Rise of the robots: Bank deploys ‘Pepper’ to assist customers


Rise of the robots: Bank deploys ‘Pepper’ to assist customers

By RON HURTIBISE MAY 29, 2019 | 7:59 AM

Don’t be afraid, but a robot is being deployed to serve you at one of the world’s largest banks.

Its name is Pepper. It’s a humanoid robot with a tablet for a chest and wheels that let it get around on its own. It’s shiny and cute. It has arms and it has hands that it can tighten into a fist.

But it doesn’t want to hurt you or take anyone’s job, say officials of HSBC Bank, where Pepper is being put to work.

Beginning Thursday, Pepper will greet customers at HSBC Bank’s Brickell branch in Miami, and later, possibly other locations throughout Florida, according to bank officials. Pepper’s Miami launch will be the fourth for the bank, following launches at branches on Fifth Avenue in New York City last summer, and in Seattle and Beverly Hills this past spring.

Remember how some banks in the 1970s introduced “Tillie the All Time Teller” by putting a colorful human face on the cold steel ATM machines they wanted us to use to get cash or deposit checks? This is kind of like that, except when it’s not, says Kass Dawson, head of marketing and business strategy at SoftBank Robotics America, Pepper’s inventor and manufacturer.

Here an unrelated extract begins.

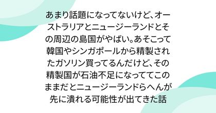あまり話題になってないけど、オーストラリアとニュージーランドとその周辺の島国がやばい。あそこって韓国やシンガポールから精製されたガソリン買ってるんだけど、その精製国が石油不足になっててこのままだとニュージーランドらへんが先に潰れる可能性が出てきた話

Pepper’s job is to bring you information about basic services offered by the bank, so the bank’s human employees will have more time for “deeper, more high-value customer engagements,” a bank official said in a recent news release.

Pepper is friendly and social, says Jeremy Balkin, head of Innovation at HSBC Bank USA. It can show customers “how-to” videos on its tablet. It can teach customers how to use the bank’s ATM machine or download its smartphone app. It can send links to your device to help you apply for a credit card or open an account.

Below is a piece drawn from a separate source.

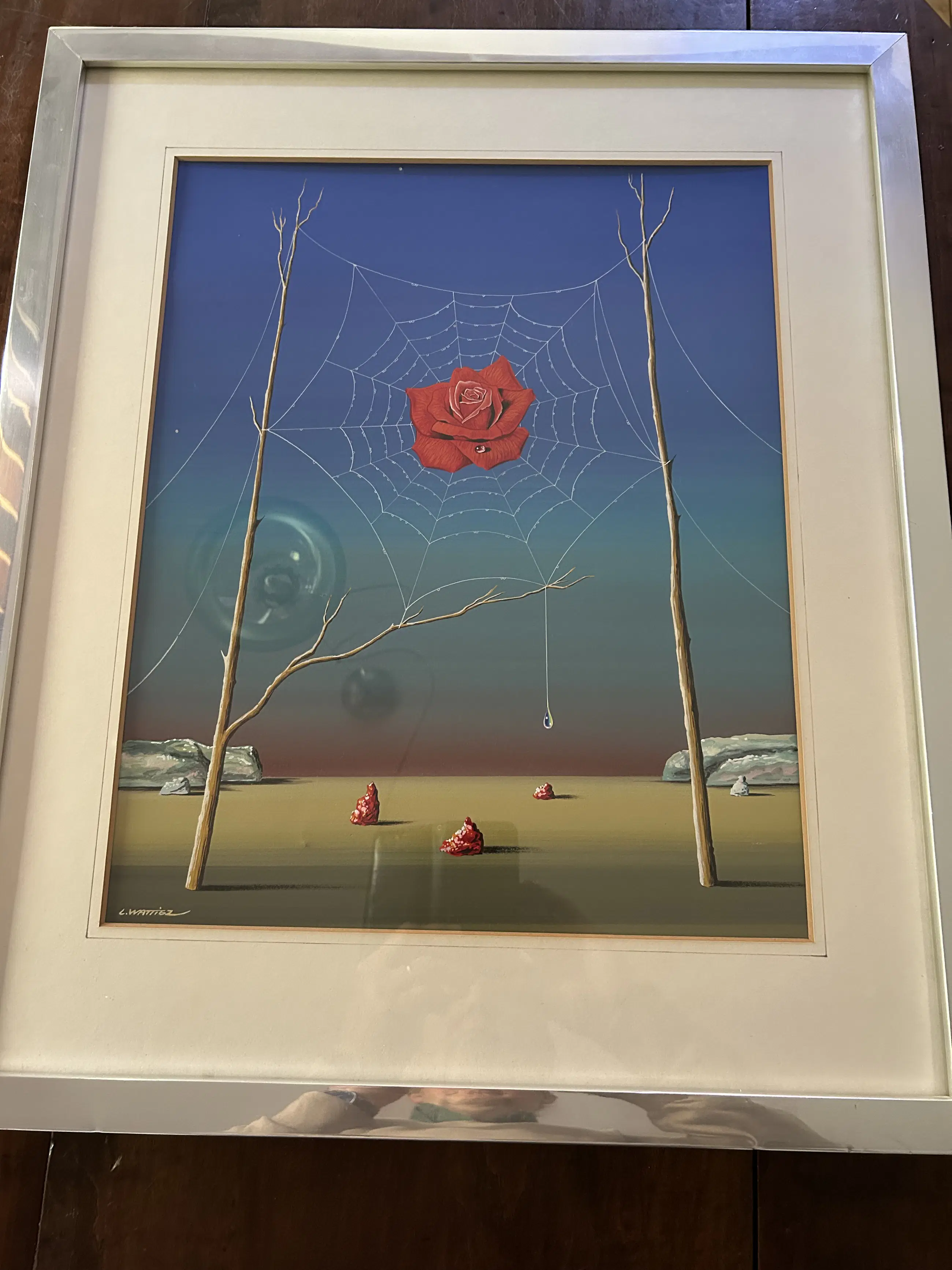 Een surrealistische rotsachtige ondergrond met daarboven een roos in een groot spinnenweb

By contrast, all Tillie was asked to do was beckon bank customers to use ATMs for the first time, Dawson said. Ultimately, “Tillie was flawed because [banks] had to hire people to stand next to it and teach people how to use it,” he added.

Dawson said HSBC expects to introduce more Peppers in the U.S. and beyond, including other Florida branches. Far from replacing human workers, its presence in the New York branch helped boost business by 60% and prompted the bank to hire more workers, Balkin said.

SoftBank has deployed more than 15,000 Peppers across the globe since 2014, mostly to Asia — where they can be found in retail stores, restaurants, schools and banks — and Europe, where, among other functions, they greet visitors at museums, libraries and auto dealerships, Dawson said.

So far in the U.S., more than 250 of the robots have been introduced, including to companies that aren’t ready to be identified, Dawson said. While some hotels have deployed them, SoftBank is narrowing its marketing focus to retail and retail banking uses, Dawson said. The company makes a separate robot, NAO, for use in schools.

Dawson stressed that the company’s robots are built to provide information, not perform physical labor like stocking shelves or folding clothes. And sorry, Pepper can’t bring you a cold drink. And that’s good for human workers.

“We want automation that assists the workforce, not replaces it,” Dawson said.